Esto de ser Chilenos
Vengo de uno de los paises más australes del planeta, una larga concatenación de volcanes, desiertos, salares, valles, montañas, bosques y estepas de fin de mundo que alberga a un abigarrado nacional de 16 millones de almas un tanto a la deriva, como cayéndose del mapa y devaluando la autoestima de sabernos al final, al fondo, casi al margen de la real dimensión de nosotros mismos. Ufanos y merecedores de un montón de símbolos de dudosa y contradictoria cuantía: la Bandera más bonita del mundo, la segunda canción nacional del planeta, los triunfos morales, la fuerte herencia del aguerrido pueblo Mapuche,
los ingleses de latinoamerica, la innegable educación cívica, el estado de derecho, la impecabilidad de nuestras paradas militares, la picardía ladina de nuestros campesinos, la destreza porfiada entre gásfiter y maestro chasquilla, la subida por detrás para no pagar el pasaje en las micros, el perro muerto en el restaurante, "como quieren en Chile al amigo cuando es forastero",el odio a los peruanos, las mujeres más lindas, los vinos más guenos, el fin de semana en Cachagua, los viajes a Buenos Aires para Fiestas Patrias, El Rodeo Chileno,
el Colo-Colo y la Copa Libertadores, La U, romántica y viajera, el tarro de Leche Condensada con dos agujeritos para chupetearlo hasta el fondo, la luca que nunca pagamos, la verdad que nunca decimos y la puntualidad de entre ocho y ocho y media que termina siendo a las nueve; entre otras miles de taras y trancas nacionales que conservamos con orgullo y vehemencia casi irracional.

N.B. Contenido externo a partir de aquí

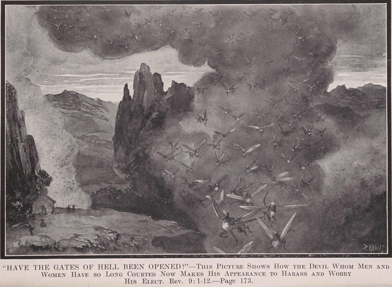 The long-courted devil appears with locust demons to harass and worry his elect. From The Devil's Bride by Milton H. Stine, 1910.

Ser Chileno es como ser habitante del orbe, claro está, pero como tan a tras mano, tan al final, en el culo, que nos hace vernos como parte de una raza impía que sobrevivió a la asolada de los Indios, a la falta de víveres, a todos los terremotos civiles y terrestres, al Golpe del 73, al brutal impuesto al libro, a las trece horas de vuelo para encontrarnos con el mundo "civilizado", a los mariscales, a las micros atestadas en la mañana, a la orda de Argentinos en el verano, al cuchiflí siempre insustancial y quebradizo en la playa,
a las longanizas de Chillán, a los hoteles 5 estrella en Vitacura, a Cartagena popular en febrero, al Enguindao, la calor y el voy y vuelvo, entre miles de otras manifestaciones paganas y divinas que tenemos presente cada vez que abrimos nuestras casas y pegamos dos escobazos tras de la puerta para que las visitas se vayan luego.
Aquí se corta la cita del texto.